Islam and the West
The Missing Martyrs
Why there Are so Few Muslim Terrorists
Author(s): Charles Kurzman
Reviewed by: Murad Wilfried Hofmann, Bonn, Germany
Review
The author, an expert in Middle Eastern Studies and Islam, teaches sociology at the University of North Carolina. Following his source books on Liberal Islam (1998) and Modernist Islam (2002), he continues with the present densely documented publication his efforts to protect Muslims worldwide from instinctively being treated as potential terrorists.
Quoting Muslim authors like Hassan Hanafi, Amina Wadud, Abdullahi An- Na’im and Abdolkarim Soroush, he demonstrates that most Muslims around the world espouse democracy, human rights, social equality, and tolerance – being liberal without calling themselves so. Mainstream Islam for him is to be found not among radicals but among the Tablighi Jama[at, Wahhabi Muslims, Muslim Brothers, the Pakistani Jama[at-i-Islami and also among personalities like the Shaykh al-Azhar and Yusuf al Qaradawi, all of them moderate.
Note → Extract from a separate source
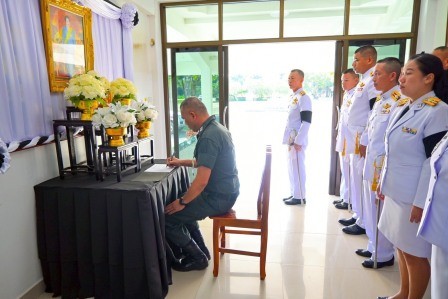 เมื่อ 31 ต.ค. 68 เวลา 16.00 น. พ.ต.อ.สุกิจ ก้องจตุศักดิ์ ผกก.2 บก.กฝ. บช.ตชด. และข้าราชการตำรวจในสังกัด ร่วมพิธีกล่าวเทิดเกียรติ น้อมเกล้าฯรำลึกในพระมหากรุณาธิคุณ เสด็จสู่สวรรคาลัย และลงนามถวายความอาลัย แด่สมเด็จพระนางเจ้าสิริกิติ์ พระบรมราชินีนาถ พระบรมราชนนีพันปีหลวง ณ กก.2บก.กฝ.บช.ตชด.

Kurzman does not overlook terrorism in the name of Islam (Abd al-Salam Faraj and Usama bin Laden being negative examples) but considers ‘martyrdom missions’, while being understandable, as (counter-productive) reactions to massive Western assaults on Muslims societies involving military invasion, political domination, economic dependence, and cultural decadence.